Mehmet Hanifi GÜLEL
Tarım eğitiminde yalnızca ziraat fakültelerinden yetinmeyip, farklı kısımların de dayanağıyla beşeri sermaye yaratılması gerektiğini kaydeden Türkiye Teknoloji Geliştirme Vakfı Elçisi Emrah İnce, geleceğin tarımını anlamak için uberizasyona (hiçbir şeyin olmadan iş yapma) gidilmesi gerektiğini söz etti. İnce, “Artık kuşakların geçmesiyle gelecekteki tarımı yönetme talihimiz yok. Zira tarımın yeni gübresi elbet datadır ve bilgi olmadan tarımla ilgili ileriye adım atamayız” dedi.
1. IAOM Avrasya Memleketler arası Kongre ve Sergisi’nde düzenlenen “Profesyonel Değirmenciler Bir Ortaya Geliyor, Avrasya Ülkelerinin Eğitim&Öğretim Gereksinimleri ve Beklentileri” panelinde konuşan İnce, iklim değişikliği ve değişen biyoçeşitliliğin bir bilgiden oluştuğunu söyledi. Bilginin de işlendiği vakit kıymetli olduğuna vurgu yapan İnce, “Bu bilgiyi de tahlil edecek yeni beşeri sermaye yalnızca tarımı yahut ziraatı bilmekten gelmeyecek. Geleceğe baktığımızda farklı beşeri sermayenin tarımın içine çekilmesi gerekiyor.
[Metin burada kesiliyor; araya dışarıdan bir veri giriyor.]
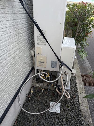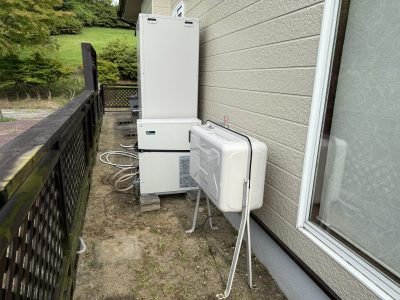 エコキュートが故障した方々に入荷・取付けまでの間に不自由がないように石油給湯器を仮設させて頂きました。
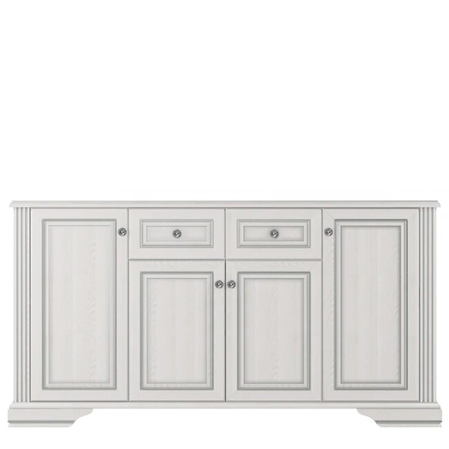 Comodă White 4D2S, 4 uși și 2 sertare spațioase, glisiere telescopice, PAL melaminat, 178.5x45x93.5 cm, Frasin Alb/Pin Argintiu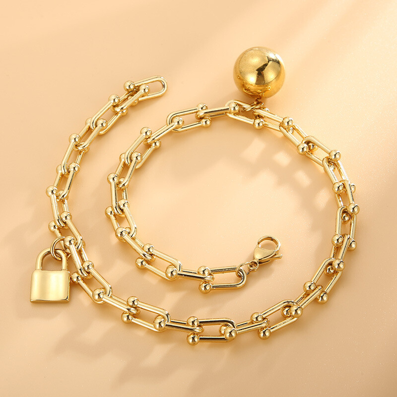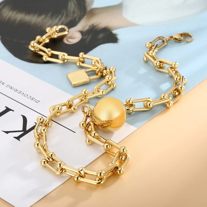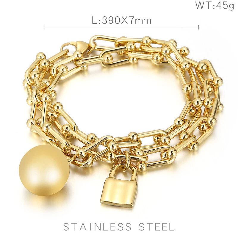 Titanium steel double layer round ball bracelet for women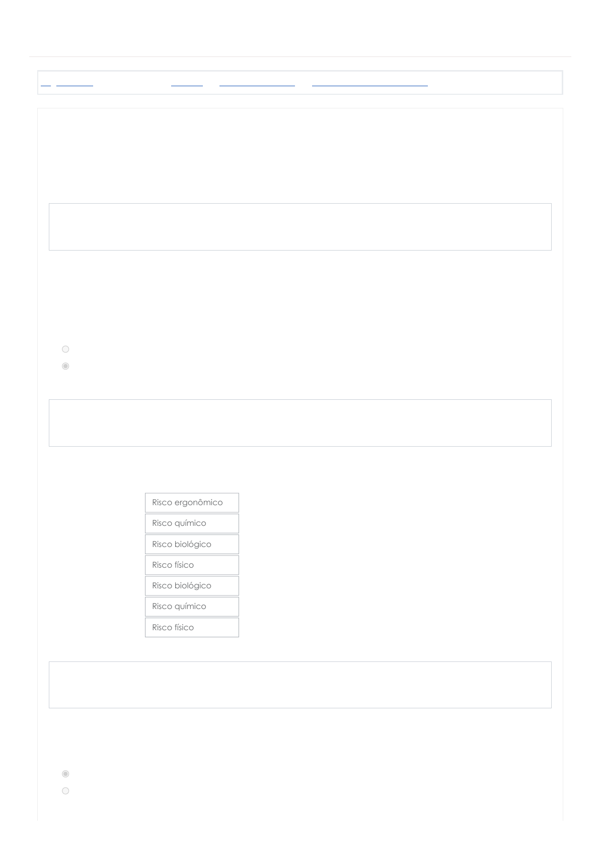 03/02/2022 11:40 2.3 Teste seus conhecimentos: Revisão da tentativa https://aprendamais.mec.gov.br/mod/quiz/review.php?attempt=384398&cmid=14170 1/5 Página inicial / Meus cursos / ST2022A / 2 Riscos ambientais / 2.3 Teste seus conhecimentos Iniciado em quinta, 3 fev 2022, 12:06 Estado Finalizada Concluída em quinta, 3 fev 2022, 12:38 Tempo empregado 32 minutos Avaliar 9,00 de um máximo de 10,00(90%) Questão 1 Correto Atingiu 1,00 de 1,00 Questão 2 Correto Atingiu 1,00 de 1,00 Questão 3 Correto Atingiu 1,00 de 1,00 Os efeitos das radiações ionizantes sobre o organismo humano dependem dos seguintes fatores: tempo de duração da exposição, intensidade da exposição, comprimento de onda da radiação e região do espectro em que se situam. Escolha uma opção: Verdadeiro Falso Relacione as colunas, indicando o tipo de risco com seu respectivo exemplo: Postura inadequada Poeiras Bactérias Frio Fungos Névoas de pinturas Vibrações Risco ergonômico Risco químico Risco biológico Risco físico Risco biológico Risco químico Risco físico As inspeções de segurança possibilitam a determinação de meios prevencionistas antes da ocorrência de acidentes. Escolha uma opção: Verdadeiro Falso https://aprendamais.mec.gov.br/ https://aprendamais.mec.gov.br/course/view.php?id=318 https://aprendamais.mec.gov.br/course/view.php?id=318#section-2 https://aprendamais.mec.gov.br/mod/quiz/view.php?id=14170 03/02/2022 11:40 2.3 Teste seus conhecimentos: Revisão da tentativa https://aprendamais.mec.gov.br/mod/quiz/review.php?attempt=384398&cmid=14170 2/5 Questão 4 Correto Atingiu 1,00 de 1,00 Questão 5 Correto Atingiu 1,00 de 1,00 Questão 6 Correto Atingiu 1,00 de 1,00 Complete a frase com as palavras corretas: O corpo humano, quando exposto a temperaturas, perde calor para o meio ambiente. Se as perdas de calor forem superiores ao calor produzido pelo metabolismo do trabalhador, haverá a na tentativa de evitar a perda excessiva do calor corporal, e o fluxo sanguíneo será em razão direta da queda de temperatura sofrida. baixas vasoconstrição reduzido Sobrecarga térmica é a quantidade de energia que o organismo deve dissipar para atingir o equilíbrio térmico. Escolha uma opção: Verdadeiro Falso O exercício de trabalho em condições acima dos limites de tolerância estabelecidos pelo Ministério do Trabalho, é denominado a. trabalho perigoso. b. trabalho oneroso. c. trabalho insalubre. d. trabalho virtuoso. e. todas estão incorretas. 03/02/2022 11:40 2.3 Teste seus conhecimentos: Revisão da tentativa https://aprendamais.mec.gov.br/mod/quiz/review.php?attempt=384398&cmid=14170 3/5 Questão 7 Correto Atingiu 1,00 de 1,00 Questão 8 Correto Atingiu 1,00 de 1,00 Selecione a opção que indica a ordem correta das etapas nas inspeções de segurança: a. Observação, informação, registro, acompanhamento e encaminhamento b. Informação, registro, observação, encaminhamento e acompanhamento c. Observação, informação, registro, encaminhamento e acompanhamento d. Informação, encaminhamento, registro, observação e acompanhamento e. Acompanhamento, observação, informação, encaminhamento e registro Consideram-se riscos ambientais, segundo a NR 9, os agentes existentes nos ambientes de trabalho que, em função de sua natureza, concentração ou intensidade e tempo de exposição, são capazes de causar danos à saúde do trabalhador. Esse agentes podem ser: I - Físicos II - Químicos III - Biológicos Está(ão) correta(s): a. Apenas I b. Apenas III c. Apenas II e III d. Apenas I e III e. Todas estão corretas 03/02/2022 11:40 2.3 Teste seus conhecimentos: Revisão da tentativa https://aprendamais.mec.gov.br/mod/quiz/review.php?attempt=384398&cmid=14170 4/5 Questão 9 Correto Atingiu 1,00 de 1,00 Questão 10 Incorreto Atingiu 0,00 de 1,00 Se a temperatura interior do corpo baixar de 36°C, poderá ocorrer: I) Redução das atividades fisiológicas II) Aumento da taxa metabólica III) Queda de pressão arterial Está(ão) correta(s): a. I somente b. Todas as alternativas c. I e II somente d. I e III somente e. II somente É considerado um som capaz de causar uma sensação indesejável e desagradável para o trabalhador: Resposta: RUIDO ◄ 2.2 Mapa de riscos ambientais Seguir para... 3.1 Comissão interna de prevenção de acidentes ► https://aprendamais.mec.gov.br/mod/page/view.php?id=14169&forceview=1 https://aprendamais.mec.gov.br/mod/page/view.php?id=14172&forceview=1 03/02/2022 11:40 2.3 Teste seus conhecimentos: Revisão da tentativa https://aprendamais.mec.gov.br/mod/quiz/review.php?attempt=384398&cmid=14170 5/5 Resumo de retenção de dados Obter o aplicativo para dispositivos móveis https://aprendamais.mec.gov.br/admin/tool/dataprivacy/summary.php https://download.moodle.org/mobile?version=2020110904&lang=pt_br&iosappid=633359593&androidappid=com.moodle.moodlemobile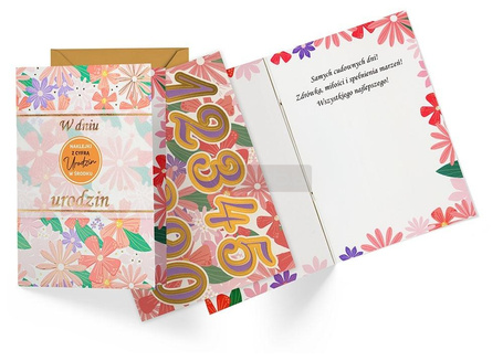 Kartka Dream Cards "W dniu urodzin" DK-1309 Kartka B6 z ozdobnej serii Dream Cards - nieduża, ale robi wrażenie dzięki atrakcyjnej kolorystyce i ciekawym zdobieniom. To idealny wybór łączący przyjazną cenę z jakością. Cechy szczególne: wielkość: B6, 16.6 x 11.7 cm po złożeniu, koperta: w zestawie, kolorowa, zdobienia: kolorowe, różnorodne, bogate (w zależności od wzoru: przyklejane dekoracje, elementy biżuteryjne, odstawniki, metaliczne folie, tłoczenia itp.), okazja: urodziny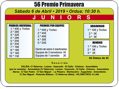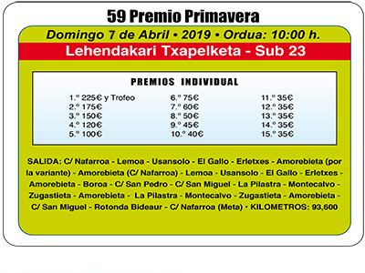 Este sábado 6 de abril se celebra en Amorebieta (Bizkaia) la 56ª edición del Premio Primavera para las categorías de juniors y la 45ª para cadetes. La primera arrancará a las 10:30 horas y tendrá un recorrido de 67,4 kilómetros y la segunda, a las 16 horas, sobre 42 kilómetros. Ambas bajo la organización de la Sociedad Ciclista Amorebieta, una de las entidades con más solera dentro del ciclismo vasco, y que servirá de preludio de la prueba profesional que tendrá lugar el próximo 14 de abril.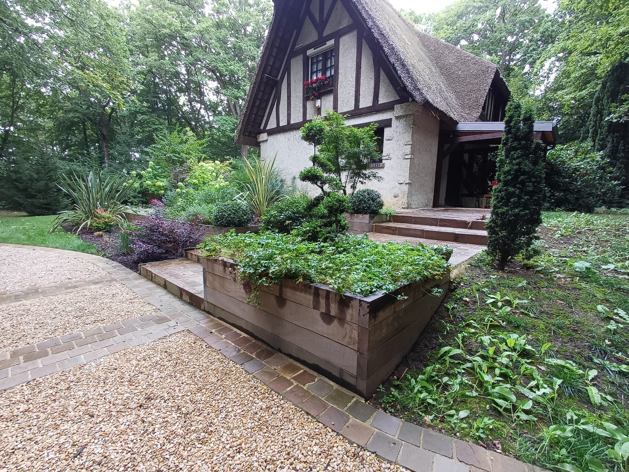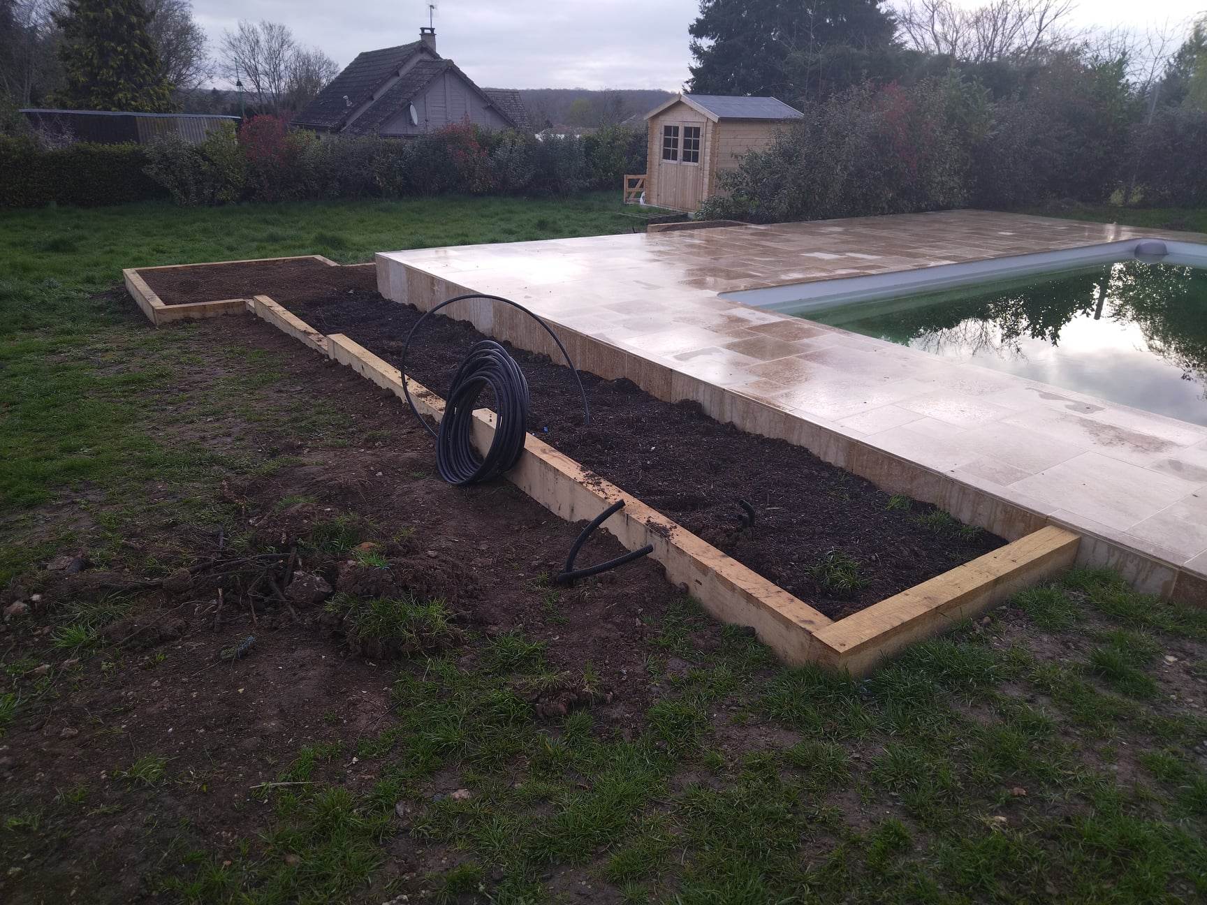 Plantation, gazon extérieur (naturel ou synthétique), installation de pergola ou boulodrome, éclairage extérieur.

Tarım eğitiminin, ziraat fakültelerinin geliştirilmesinden fazla başka kısımların içine ziraatı yerleştirip orada bir evrim geçirmesini öneriyorum. Bunu yapamazsak birçok eserde birinci 10’da olduğumuz klasmanı sürdüremeyeceğiz” diye konuştu.
“Türkiye’de tarım için Ar-Ge’ye 240 milyon dolar ayrılıyor”
Türkiye’nin 8,5 milyar dolarlık Ar-Ge bütçesinin kaynağının yalnızca yüzde 3’ü olan 240 milyon doların ziraî ArGe’ye ayrıldığını bildiren İnce, “Yeni gelişen dünyada buğdaya, buğdayı üretmek için çiftçiye, kaliteli buğday için ise ziraî Ar-Ge ve inovasyona muhtaçlık duyuyorsak eğitim bu alanlara yoğunlaşmalı” halinde konuştu. Çukurova Üniversitesi Öğretim Vazifelisi Prof. Dr. M. Sertaç Özer de Anadolu’nun buğdayın gen merkezi olduğunu belirterek, hakikat eser planlamasının yanı sıra kârlılık ve verimlilik noktasında kesinlikle aktif eğitim çalışmalarının yapılması gerektiğini vurguladı.
“Türkiye eğitim ve araştırmayla buğdayda kendine yetebilir”
Anadolu’da buğdayın tarihinin çok eskilere dayandığını, Hititliler ve Göbeklitepe medeniyetlerinde buğday ve ekmeğin çok değerli yeri olduğunu vurgulayan İstinye Üniversitesi Öğretim Vazifelisi Prof. Dr. Hamit Köksel, “1925 yılından itibaren yapılan kolay ıslah çalışmalarıyla randımanda 3 kat kadar artış sağlanmış. Türkiye, 10 yılda kendine kâfi hale gelmiş. Nüfus artışıyla bir arada kendine yeterlilik azaldı. Türkiye eğitim ve araştırmayla buğdayda tekrar kendi kendine yetebilir hale gelir” dedi.